= Material shown =

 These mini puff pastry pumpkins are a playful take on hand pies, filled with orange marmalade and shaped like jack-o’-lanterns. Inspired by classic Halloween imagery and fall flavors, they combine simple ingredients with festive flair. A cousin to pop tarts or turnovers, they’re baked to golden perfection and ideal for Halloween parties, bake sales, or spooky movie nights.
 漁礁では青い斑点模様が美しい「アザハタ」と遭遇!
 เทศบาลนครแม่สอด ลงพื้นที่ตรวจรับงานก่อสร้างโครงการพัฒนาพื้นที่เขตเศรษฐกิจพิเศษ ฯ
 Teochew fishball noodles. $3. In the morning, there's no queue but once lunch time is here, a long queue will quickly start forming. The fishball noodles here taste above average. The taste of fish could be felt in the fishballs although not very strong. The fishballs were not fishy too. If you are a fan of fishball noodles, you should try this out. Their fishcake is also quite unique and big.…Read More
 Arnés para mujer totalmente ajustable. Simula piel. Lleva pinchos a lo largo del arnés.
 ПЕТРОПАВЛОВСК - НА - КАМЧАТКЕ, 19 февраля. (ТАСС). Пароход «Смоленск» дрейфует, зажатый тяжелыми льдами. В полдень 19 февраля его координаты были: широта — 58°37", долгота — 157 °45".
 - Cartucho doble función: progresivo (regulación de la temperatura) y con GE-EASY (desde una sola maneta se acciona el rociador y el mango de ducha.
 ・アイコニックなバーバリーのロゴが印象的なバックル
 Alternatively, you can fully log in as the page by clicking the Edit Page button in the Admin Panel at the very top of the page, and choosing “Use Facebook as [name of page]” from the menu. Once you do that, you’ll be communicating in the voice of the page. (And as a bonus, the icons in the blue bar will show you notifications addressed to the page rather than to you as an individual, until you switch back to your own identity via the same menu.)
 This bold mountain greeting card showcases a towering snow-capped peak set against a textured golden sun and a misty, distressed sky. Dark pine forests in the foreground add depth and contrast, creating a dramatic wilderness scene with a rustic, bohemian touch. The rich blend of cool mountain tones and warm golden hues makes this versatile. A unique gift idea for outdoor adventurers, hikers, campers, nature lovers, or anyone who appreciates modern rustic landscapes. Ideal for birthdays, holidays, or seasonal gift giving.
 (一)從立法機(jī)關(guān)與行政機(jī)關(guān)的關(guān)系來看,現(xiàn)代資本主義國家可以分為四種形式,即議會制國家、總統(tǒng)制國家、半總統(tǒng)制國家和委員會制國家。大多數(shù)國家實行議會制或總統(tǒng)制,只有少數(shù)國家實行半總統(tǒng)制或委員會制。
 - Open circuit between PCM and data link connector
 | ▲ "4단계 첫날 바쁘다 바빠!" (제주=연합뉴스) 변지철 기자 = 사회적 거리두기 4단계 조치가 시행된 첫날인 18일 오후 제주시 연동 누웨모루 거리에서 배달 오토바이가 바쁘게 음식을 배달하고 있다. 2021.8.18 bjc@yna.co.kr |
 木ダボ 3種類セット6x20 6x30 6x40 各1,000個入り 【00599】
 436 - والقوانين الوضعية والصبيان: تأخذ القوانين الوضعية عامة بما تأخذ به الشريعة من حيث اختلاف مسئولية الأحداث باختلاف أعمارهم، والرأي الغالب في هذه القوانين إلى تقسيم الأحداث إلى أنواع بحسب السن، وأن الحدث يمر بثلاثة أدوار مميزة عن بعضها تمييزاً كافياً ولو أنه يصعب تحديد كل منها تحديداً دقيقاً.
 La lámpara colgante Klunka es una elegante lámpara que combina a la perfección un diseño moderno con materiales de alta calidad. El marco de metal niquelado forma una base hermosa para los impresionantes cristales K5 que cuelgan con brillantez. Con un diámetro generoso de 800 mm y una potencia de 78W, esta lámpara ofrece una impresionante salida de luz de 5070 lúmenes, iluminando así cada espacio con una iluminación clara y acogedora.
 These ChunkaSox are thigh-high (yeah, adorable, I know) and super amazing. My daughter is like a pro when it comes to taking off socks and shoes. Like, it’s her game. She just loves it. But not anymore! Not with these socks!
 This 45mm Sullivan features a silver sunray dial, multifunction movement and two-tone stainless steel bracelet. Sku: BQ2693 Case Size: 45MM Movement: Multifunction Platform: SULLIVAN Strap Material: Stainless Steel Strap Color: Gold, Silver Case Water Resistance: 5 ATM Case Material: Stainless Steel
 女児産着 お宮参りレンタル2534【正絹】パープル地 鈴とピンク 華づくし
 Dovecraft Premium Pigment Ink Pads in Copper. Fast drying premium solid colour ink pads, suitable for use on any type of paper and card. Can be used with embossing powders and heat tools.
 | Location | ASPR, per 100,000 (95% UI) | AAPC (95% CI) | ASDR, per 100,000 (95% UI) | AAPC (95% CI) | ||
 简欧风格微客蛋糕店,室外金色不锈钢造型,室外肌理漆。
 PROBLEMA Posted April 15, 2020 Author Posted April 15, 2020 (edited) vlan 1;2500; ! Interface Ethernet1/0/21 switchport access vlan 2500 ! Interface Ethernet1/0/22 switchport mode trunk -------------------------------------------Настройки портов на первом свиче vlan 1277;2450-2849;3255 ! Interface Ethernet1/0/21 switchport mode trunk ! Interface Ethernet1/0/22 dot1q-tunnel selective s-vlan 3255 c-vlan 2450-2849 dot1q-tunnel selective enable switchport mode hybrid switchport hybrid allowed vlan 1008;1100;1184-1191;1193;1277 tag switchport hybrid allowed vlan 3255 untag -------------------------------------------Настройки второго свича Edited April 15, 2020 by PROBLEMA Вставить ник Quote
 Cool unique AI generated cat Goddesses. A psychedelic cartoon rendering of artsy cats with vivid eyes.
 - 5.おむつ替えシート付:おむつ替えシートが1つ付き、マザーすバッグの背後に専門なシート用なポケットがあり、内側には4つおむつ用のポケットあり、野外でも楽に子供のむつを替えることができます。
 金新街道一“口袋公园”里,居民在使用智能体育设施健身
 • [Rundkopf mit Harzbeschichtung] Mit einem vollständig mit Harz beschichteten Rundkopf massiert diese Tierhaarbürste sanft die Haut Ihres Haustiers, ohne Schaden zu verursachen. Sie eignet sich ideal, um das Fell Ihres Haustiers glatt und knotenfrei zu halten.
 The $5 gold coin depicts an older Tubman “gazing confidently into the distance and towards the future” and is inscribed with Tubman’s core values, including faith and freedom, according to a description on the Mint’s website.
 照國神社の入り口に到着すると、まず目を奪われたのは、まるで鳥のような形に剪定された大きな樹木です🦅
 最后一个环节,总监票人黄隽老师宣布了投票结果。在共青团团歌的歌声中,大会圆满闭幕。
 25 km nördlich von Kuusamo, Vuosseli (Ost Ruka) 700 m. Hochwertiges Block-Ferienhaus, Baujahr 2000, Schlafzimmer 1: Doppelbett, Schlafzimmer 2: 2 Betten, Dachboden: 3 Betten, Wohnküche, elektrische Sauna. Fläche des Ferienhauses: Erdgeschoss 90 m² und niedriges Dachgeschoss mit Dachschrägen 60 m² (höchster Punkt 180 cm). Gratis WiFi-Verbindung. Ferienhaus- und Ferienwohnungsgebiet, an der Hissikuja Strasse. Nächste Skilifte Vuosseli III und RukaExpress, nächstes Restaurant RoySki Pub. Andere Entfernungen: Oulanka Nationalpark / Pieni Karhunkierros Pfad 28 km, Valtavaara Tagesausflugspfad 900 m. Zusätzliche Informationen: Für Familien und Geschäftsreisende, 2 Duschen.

= Required action =
Output, from the data above, the lines from the line with "These ChunkaSox are" to the line with "女児産着 お宮参りレンタル2534【正絹】パープル地 鈴とピンク 華づくし" exactly as they stand, both ends included and nothing else.

= Your response =
 These ChunkaSox are thigh-high (yeah, adorable, I know) and super amazing. My daughter is like a pro when it comes to taking off socks and shoes. Like, it’s her game. She just loves it. But not anymore! Not with these socks!
 This 45mm Sullivan features a silver sunray dial, multifunction movement and two-tone stainless steel bracelet. Sku: BQ2693 Case Size: 45MM Movement: Multifunction Platform: SULLIVAN Strap Material: Stainless Steel Strap Color: Gold, Silver Case Water Resistance: 5 ATM Case Material: Stainless Steel
 女児産着 お宮参りレンタル2534【正絹】パープル地 鈴とピンク 華づくし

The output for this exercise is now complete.